We, the Jews, make quite a big deal of the Passover holiday. According to one Pew Research survey, the Seder (a ritualized meal in which we retell the story of the Exodus from Egypt and the beginning of our journey to the Land of Israel) is the Jewish practice that is celebrated the most by American Jews, more than lighting Shabbat candles or fasting on Yom Kippur. To the best of my knowledge, the widespread and well-loved nature of the Seder extends to other Jewish communities in the Diaspora as well. And in Israel, roughly nine out of every ten Jews attends a seder.
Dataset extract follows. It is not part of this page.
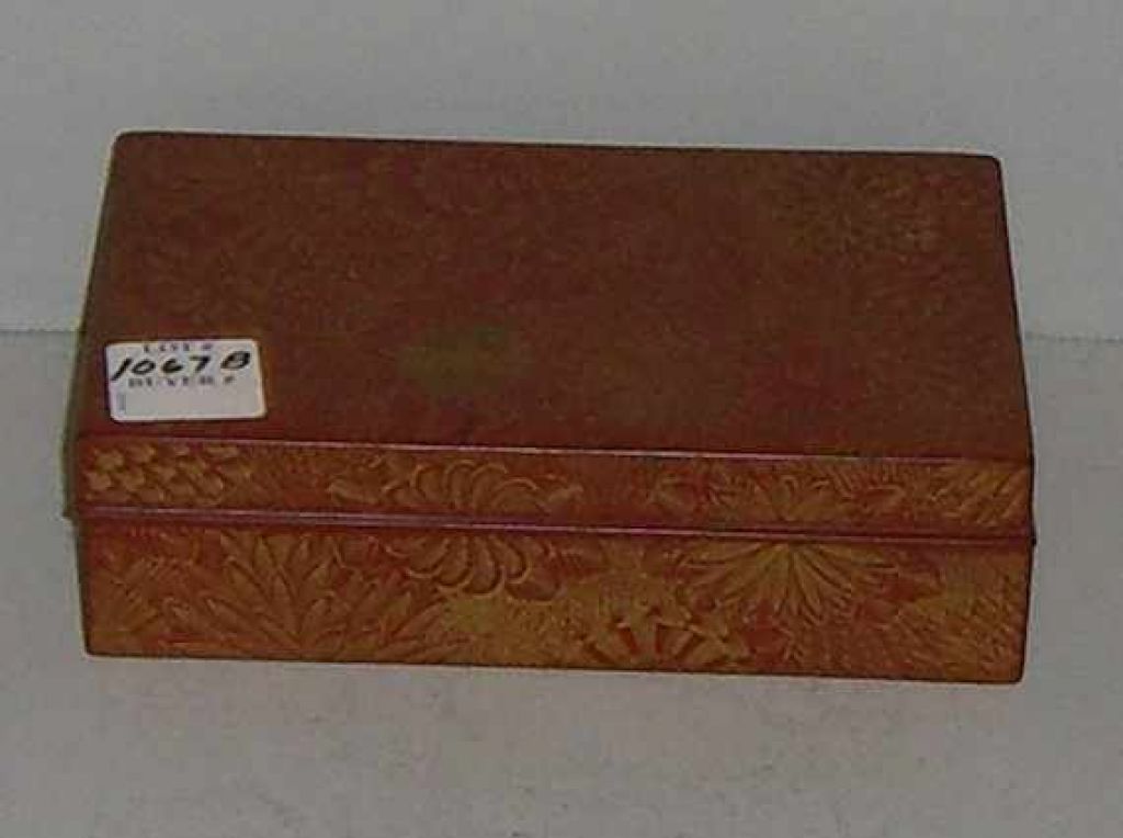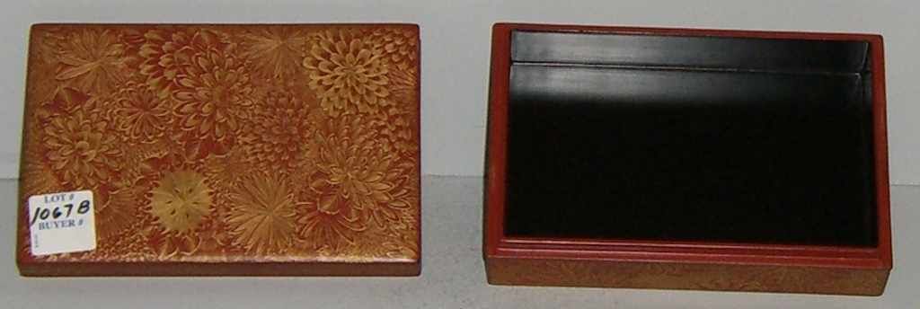 Lacquered Occupied Japan Box w/Stenciled Floral Decoration, Paper Sticker - 6 1/2" length x 4 1/4" width x 2" deep Lacquered Occupied Japan Box w/Stenciled Floral Decoration, Paper Sticker - 6 1/2" length x 4 1/4" width x 2" deep

So we like this holiday. And we make a point of commemorating it. Many think of Passover as a holiday of liberation. But as we say in the Haggadah, “Now we are here; next year in the land of Israel. Now we are slaves, next year, we shall be free.” And we say it in Aramaic, no less! The prototypical language of Diasporic Judaism. So much for freedom. The Seder has come to mean not merely freedom, but rather the aspiration of freedom. And hope endures. Long past the slavery and long past the emancipation, hope endures.

But hope of what? The story’s there in black and white in Exodus 12, and it’s only tangentially about freedom. The word, such as it is, doesn’t appear there. Sure, the text tells us that God took us out of Egypt. But it wasn’t an act of liberation. It was an act of commitment.

This is the first time that the Torah uses the term “Edat Yisrael”—translated as “community,” “congregation,” or “ethnicity” of Israel, take your pick. The Israelites of Egypt were no longer just the Sons of Israel, a familial and tribal moniker, but rather something larger as well. Behold, we were now one thing: a people.........

© The Times of Israel (Blogs)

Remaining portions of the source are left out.